AuReMe workspace is designed for tractable reconstruction of metabolic networks [url]. The toolbox allows for the Automatic Reconstruction of Metabolic networks based on the combination of multiple heterogeneous data and knowledge sources [1]. The main added-values are the inclusion of graph-based tools relevant for the study of non-classical organisms (Meneco and Menetools packages), the possibility to trace the reconstruction and curation procedures (Padmet and Padmet-utils packages), and the exploration of reconstructed metabolic networks with wikis (wiki-export package, see: [url]. It also generated outputs to explore resulting networks with Askomics. It has been used for reconstructing metabolic networks of micro and macro-algae [62], extremophile bacteria [52] and communities of organisms [4].

Mpwt is a Python package for running Pathway Tools [url] on multiple genomes using multiprocessing.
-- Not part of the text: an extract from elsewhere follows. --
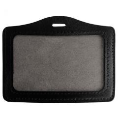 Porte-badge en aspect cuir, avec une face avant  en PVC transparent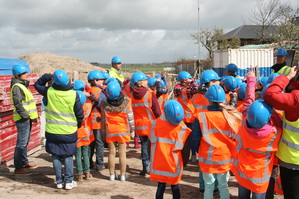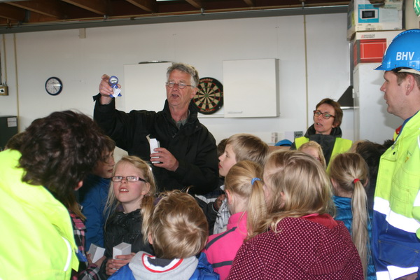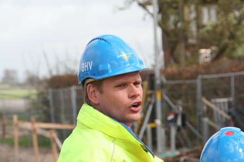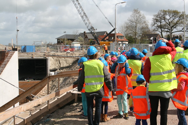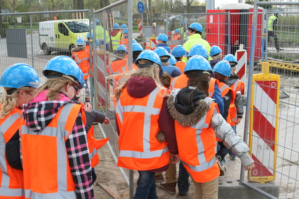 Heerlijke dag, deze zonnige woensdag met aangename temperatuur. Niet meer de stormachtige wind uit noordelijke richting die afgelopen maandagmiddag de kinderen van groep 6 (GBS “De Brug” Zuidhorn) bijna ‘onthelmde’ tijdens hun bezoek aan het tunnelterrein bij de Langestraat Zuid. Ook de begeleidende moeders en meester Henk moesten attent blijven, net als GMB-secretaresse Pia en de kieker/schrijver van deze blog… Alleen aanvoerder Janko Haaksema, in het dagelijkse GMB-leven uitvoerder/woordvoerder/omgevingsmanager, maar nu educatief medewerker, leek geen “Oeps-daar-gaat-mijn-helm-angst” te kennen… Bij hem zat het blauwe hoofddeksel als gegoten, waarschijnlijk gewenning. Met de helm op geboren?!

Pathway Tools is a comprehensive systems biology software system that is associated with the BioCyc database collection [url]. Pathway Tools is very used for reconstructing metabolic networks.

Metage2metabo is a Python tool to perform graph-based metabolic analysis starting from annotated genomes (reference genomes or metagenome-assembled genomes). It uses Mpwt to reconstruct metabolic networks for a large number of genomes. The obtained metabolic networks are then analyzed individually and collectively in order to get the added value of metabolic cooperation in microbiota over individual metabolism and to identify and screen interesting organisms among all.